** Opening Provided data block **
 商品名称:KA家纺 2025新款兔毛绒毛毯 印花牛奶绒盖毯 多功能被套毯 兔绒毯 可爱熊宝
** Closing Provided data block **
** Opening Provided data block **
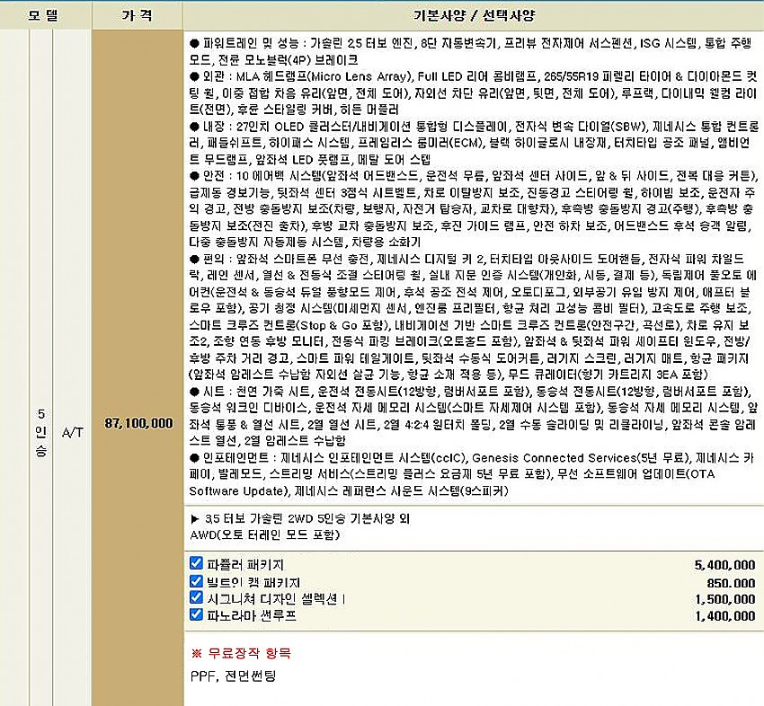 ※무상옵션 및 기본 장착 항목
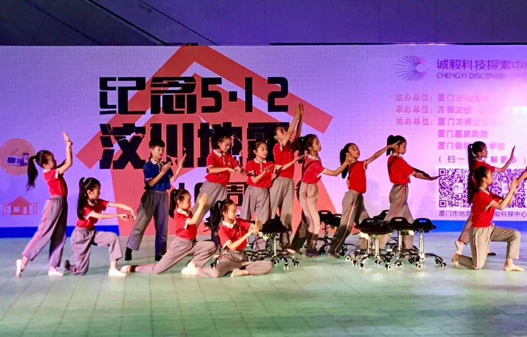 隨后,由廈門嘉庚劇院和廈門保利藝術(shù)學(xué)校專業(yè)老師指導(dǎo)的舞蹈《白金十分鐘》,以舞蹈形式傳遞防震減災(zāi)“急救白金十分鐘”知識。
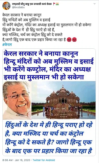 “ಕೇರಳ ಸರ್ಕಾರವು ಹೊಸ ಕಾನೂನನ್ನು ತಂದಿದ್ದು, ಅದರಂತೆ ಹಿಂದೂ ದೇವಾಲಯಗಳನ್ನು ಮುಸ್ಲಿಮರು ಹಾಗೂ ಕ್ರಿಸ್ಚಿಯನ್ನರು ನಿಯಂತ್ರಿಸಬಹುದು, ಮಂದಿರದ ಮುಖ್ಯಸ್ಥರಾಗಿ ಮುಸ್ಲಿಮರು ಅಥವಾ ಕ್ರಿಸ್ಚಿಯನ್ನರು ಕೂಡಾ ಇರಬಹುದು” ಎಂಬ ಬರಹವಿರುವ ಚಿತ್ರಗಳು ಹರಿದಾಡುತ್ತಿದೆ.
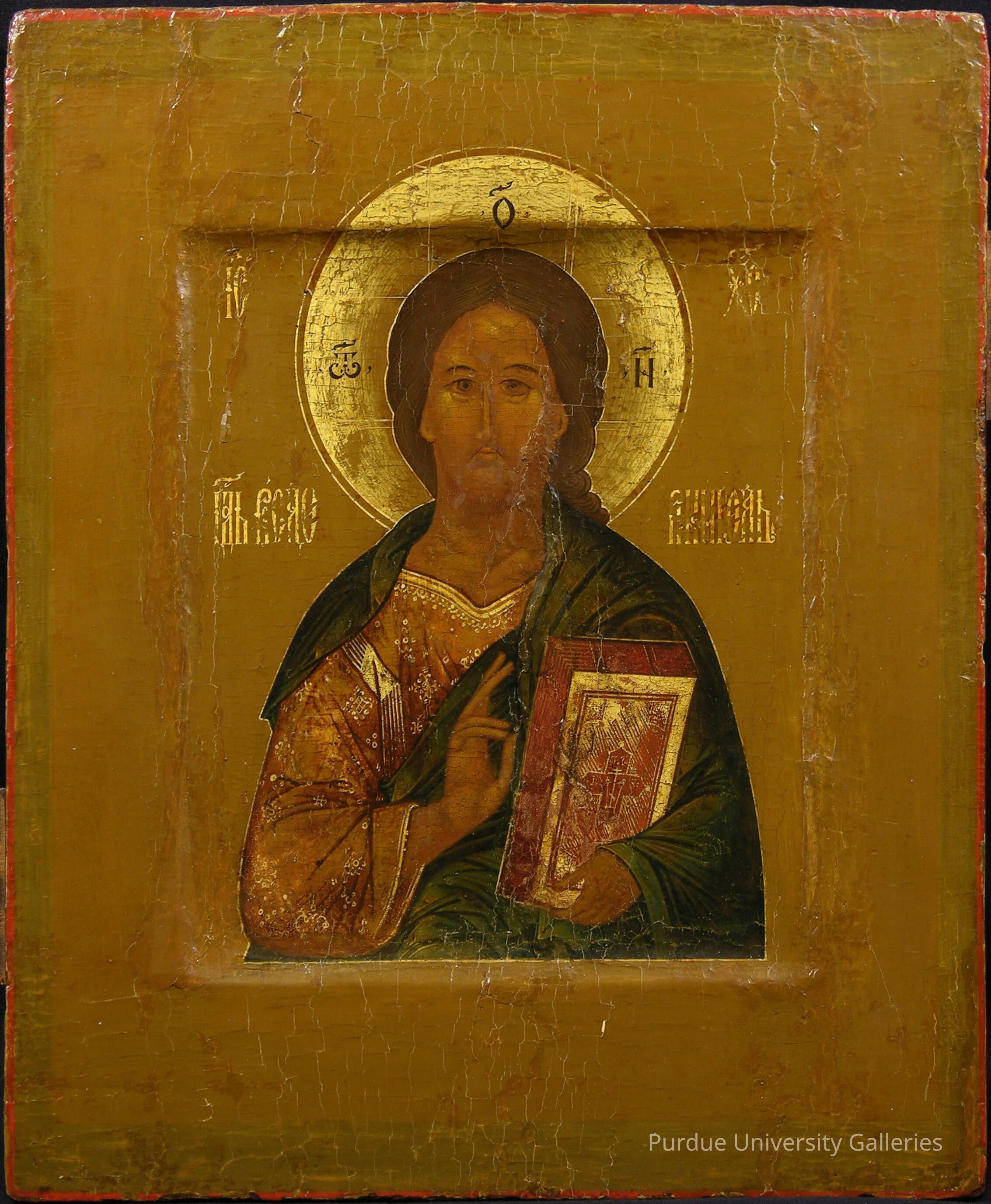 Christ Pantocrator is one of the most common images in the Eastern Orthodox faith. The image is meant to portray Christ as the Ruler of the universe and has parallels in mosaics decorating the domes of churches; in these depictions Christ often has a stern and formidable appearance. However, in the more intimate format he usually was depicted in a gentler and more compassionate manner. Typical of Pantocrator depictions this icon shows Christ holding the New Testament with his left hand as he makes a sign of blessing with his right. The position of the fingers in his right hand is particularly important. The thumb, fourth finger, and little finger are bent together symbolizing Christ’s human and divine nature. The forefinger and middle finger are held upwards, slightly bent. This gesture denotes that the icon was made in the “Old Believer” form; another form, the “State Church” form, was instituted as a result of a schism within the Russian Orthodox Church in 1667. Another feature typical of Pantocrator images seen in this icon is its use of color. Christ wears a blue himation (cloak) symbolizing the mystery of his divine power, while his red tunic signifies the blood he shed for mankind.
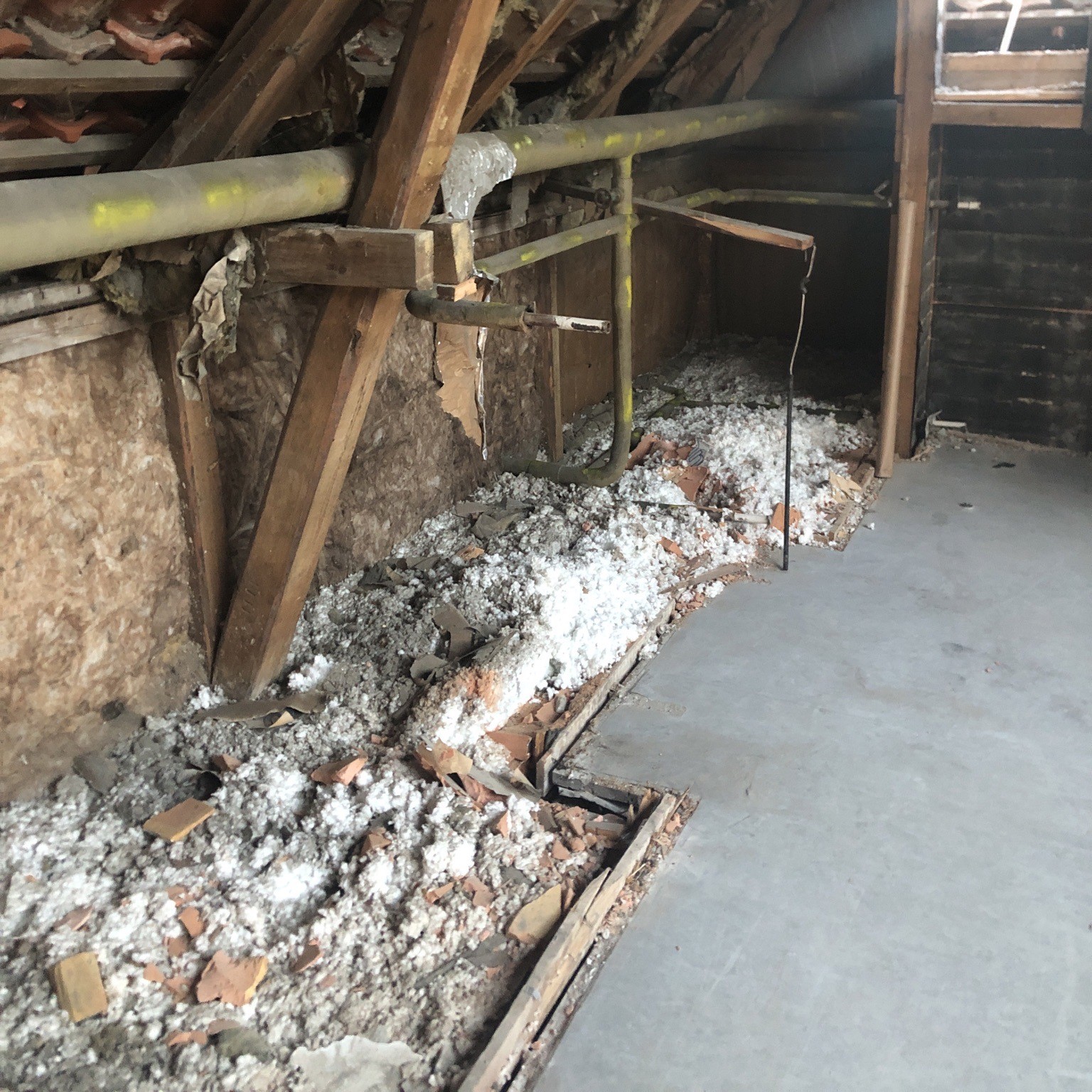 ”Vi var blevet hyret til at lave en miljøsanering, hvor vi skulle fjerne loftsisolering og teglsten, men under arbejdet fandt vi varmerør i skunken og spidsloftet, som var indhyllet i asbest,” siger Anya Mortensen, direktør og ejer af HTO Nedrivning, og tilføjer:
** Closing Provided data block **
** Opening Provided data block **
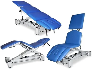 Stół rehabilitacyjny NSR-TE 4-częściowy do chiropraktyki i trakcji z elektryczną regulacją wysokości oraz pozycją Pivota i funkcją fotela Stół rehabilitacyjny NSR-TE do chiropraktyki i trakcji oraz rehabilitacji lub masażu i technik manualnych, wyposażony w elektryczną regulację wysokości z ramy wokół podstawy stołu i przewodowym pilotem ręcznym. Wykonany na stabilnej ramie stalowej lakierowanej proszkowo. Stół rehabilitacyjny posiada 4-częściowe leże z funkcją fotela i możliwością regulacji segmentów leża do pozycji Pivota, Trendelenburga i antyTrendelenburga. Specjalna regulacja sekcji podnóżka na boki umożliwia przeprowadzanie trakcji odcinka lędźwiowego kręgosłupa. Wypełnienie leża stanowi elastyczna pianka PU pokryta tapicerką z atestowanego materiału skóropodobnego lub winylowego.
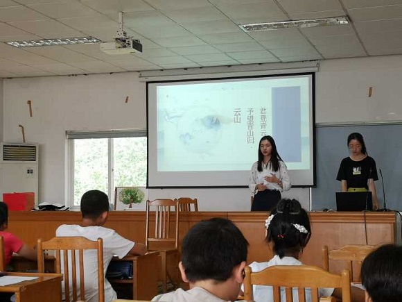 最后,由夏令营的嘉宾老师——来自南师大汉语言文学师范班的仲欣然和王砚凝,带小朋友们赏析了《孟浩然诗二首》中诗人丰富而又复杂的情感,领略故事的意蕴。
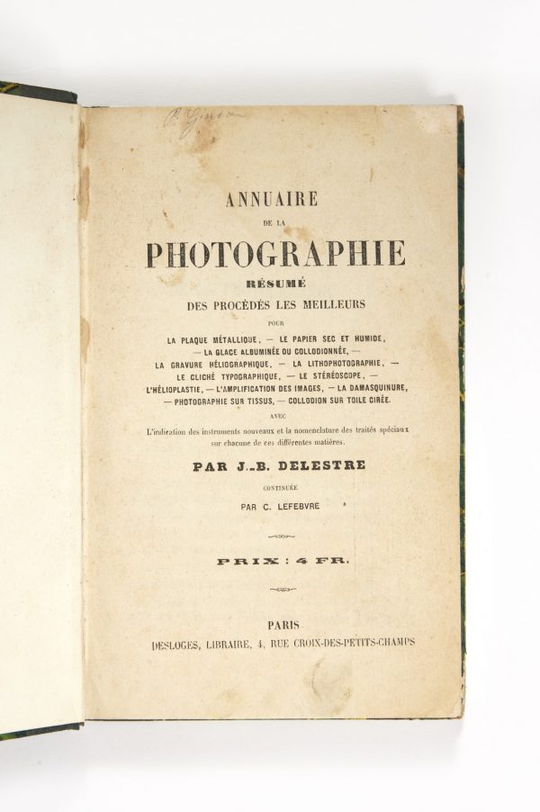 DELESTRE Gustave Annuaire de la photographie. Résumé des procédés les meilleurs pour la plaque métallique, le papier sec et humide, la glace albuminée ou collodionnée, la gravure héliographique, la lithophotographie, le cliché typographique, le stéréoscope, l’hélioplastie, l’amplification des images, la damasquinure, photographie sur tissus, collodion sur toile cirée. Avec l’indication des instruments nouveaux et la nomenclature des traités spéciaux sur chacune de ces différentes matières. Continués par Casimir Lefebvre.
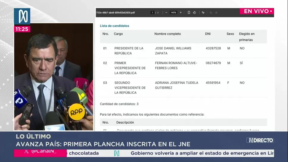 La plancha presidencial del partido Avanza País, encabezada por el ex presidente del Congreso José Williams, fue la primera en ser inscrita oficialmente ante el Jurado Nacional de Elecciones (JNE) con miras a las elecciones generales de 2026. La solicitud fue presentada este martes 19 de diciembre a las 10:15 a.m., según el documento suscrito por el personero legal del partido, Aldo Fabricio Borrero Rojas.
** Closing Provided data block **
What belongs in the answer is each line above from the line with "Stół rehabilitacyjny NSR-TE 4-częściowy" to the line with "最后,由夏令营的嘉宾老师——", inclusive, reproduced exactly and free of pictures.

 Stół rehabilitacyjny NSR-TE 4-częściowy do chiropraktyki i trakcji z elektryczną regulacją wysokości oraz pozycją Pivota i funkcją fotela Stół rehabilitacyjny NSR-TE do chiropraktyki i trakcji oraz rehabilitacji lub masażu i technik manualnych, wyposażony w elektryczną regulację wysokości z ramy wokół podstawy stołu i przewodowym pilotem ręcznym. Wykonany na stabilnej ramie stalowej lakierowanej proszkowo. Stół rehabilitacyjny posiada 4-częściowe leże z funkcją fotela i możliwością regulacji segmentów leża do pozycji Pivota, Trendelenburga i antyTrendelenburga. Specjalna regulacja sekcji podnóżka na boki umożliwia przeprowadzanie trakcji odcinka lędźwiowego kręgosłupa. Wypełnienie leża stanowi elastyczna pianka PU pokryta tapicerką z atestowanego materiału skóropodobnego lub winylowego.
 最后,由夏令营的嘉宾老师——来自南师大汉语言文学师范班的仲欣然和王砚凝,带小朋友们赏析了《孟浩然诗二首》中诗人丰富而又复杂的情感,领略故事的意蕴。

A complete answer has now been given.